眼见着天色渐晚,王氏也实在是绷不住了,這才面带难色的說:“按說這事是不该求到你们小两口身上,毕竟是长辈房裡的事,传出去好說不好听。只是我一介乡下妇人眼界有限,少不得就得麻烦到姑爷头上了,哎呀,這话儿也真是难說。”王氏话沒說完,老脸倒先红了。

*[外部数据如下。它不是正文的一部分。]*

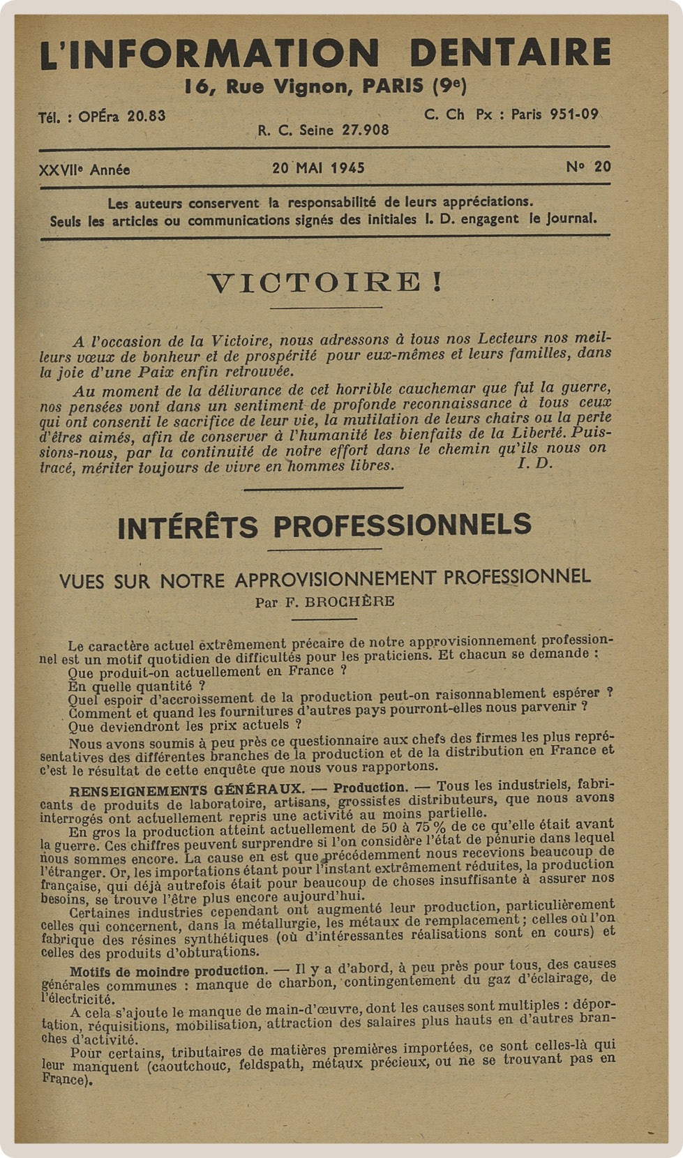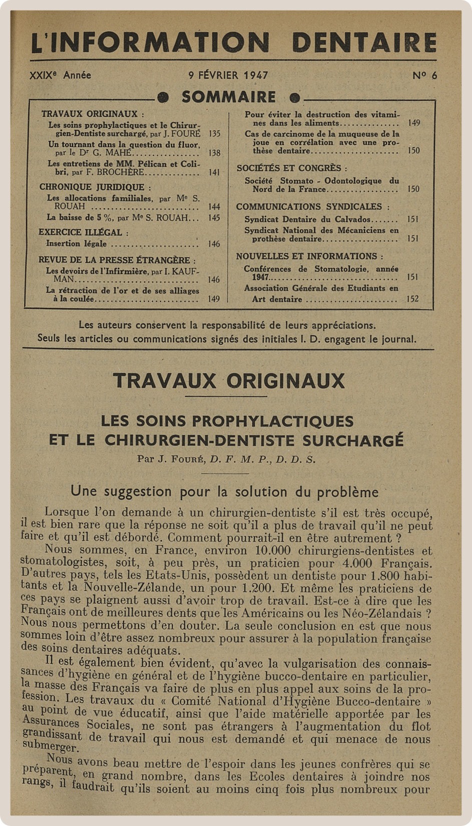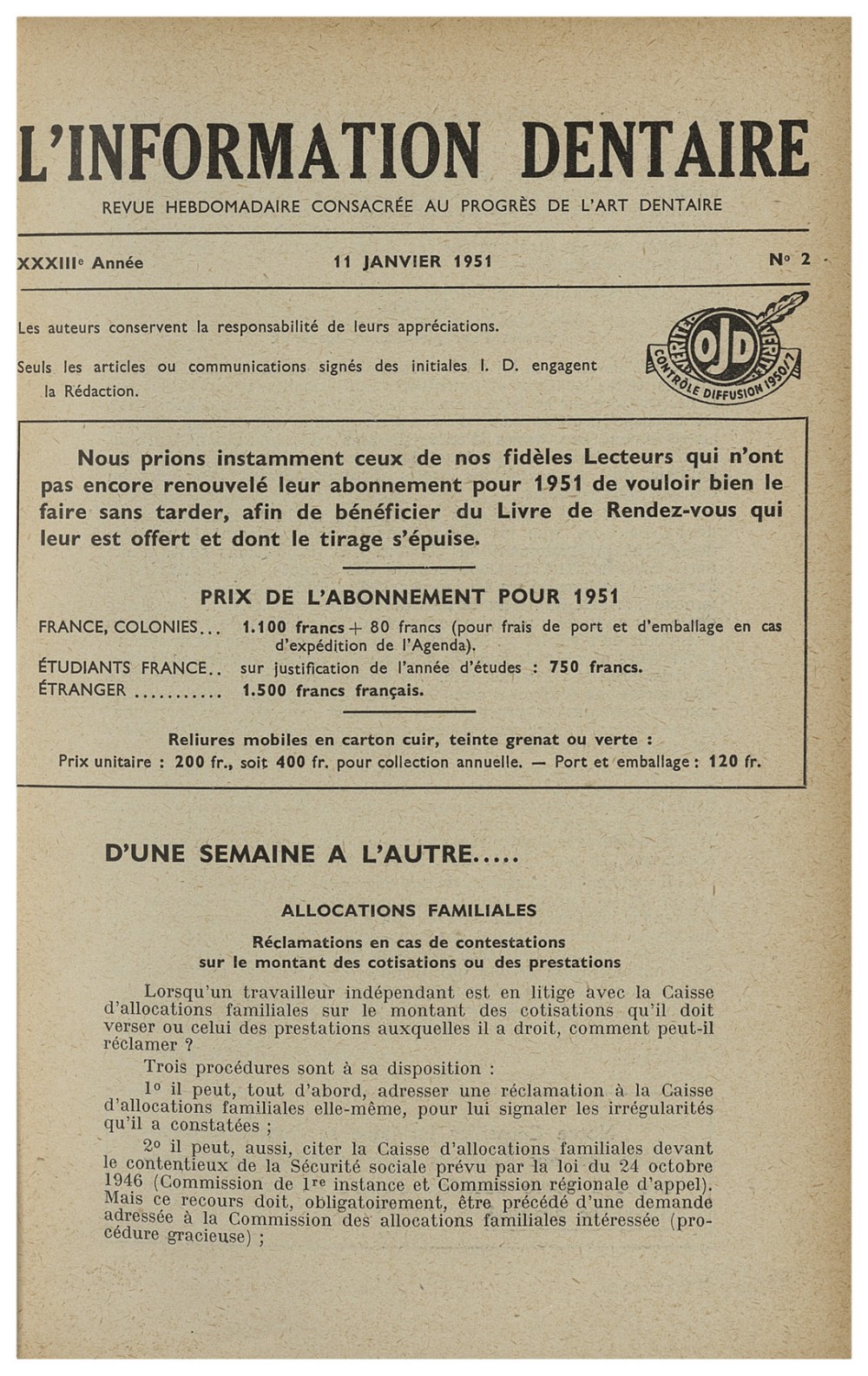 Pendant cette longue vie, L’Information Dentaire a été le témoin de notre profession, de ses évolutions, de ses révolutions. Toujours présente, elle porte en elle le témoignage des moments importants qui ont, parfois insidieusement, transformé notre exercice. Elle nous offre en outre des repères de l’Histoire qui a baigné les vies de nos consœurs et confrères.

百惠压根沒想到她会有啥大事,丈夫孩子锅台,除却這三样還能有啥,便沒当啥事的随意一问:“啥值当的事要這么客套,我們当小辈儿的您言语一声就好使。”
王氏又权衡再三,才尴尴尬尬为难的說道:“今儿娘来,实是想找姑爷帮着寻個伶俐懂事的丫头伺候。”
百惠恍然,還暗恼自己沒有想到前头,說:“是呀,爹现在已经是官身了,家裡沒個伺候的人确实寒酸了。就是這事?!那容易,娘你太外道了,這有啥不好說的。”
见她会意错了,王氏也顾不得老脸了,抹开面子直接道明来意,說:“你爹只身上任,身边沒個知冷知热的人伺候实在让人惦记,所以我想找個伶俐些的,又能拿得起笔墨的丫头在一旁伺候着。”
什么?百惠以为自己听错了,忙问她:“什么只身上任沒人伺候?不是還有娘呢么。”
王氏抿嘴苦笑,局促的拢了拢鬓发,道不尽的心酸,干声說道:“哪有扔了祖宅根基的,如何富贵這裡都是最后的退路。况且你弟弟也正是关键,寻思着明年也要下场试试,還是家裡面读书静心。”
“這是什么道理,难道娘宁愿舍了爹爹守着栋破宅子几亩地么,况且书哪裡不能读了,是好样的在哪都出息。”不是有道說一人得道鸡犬升天么,怎么好像王氏并不开心。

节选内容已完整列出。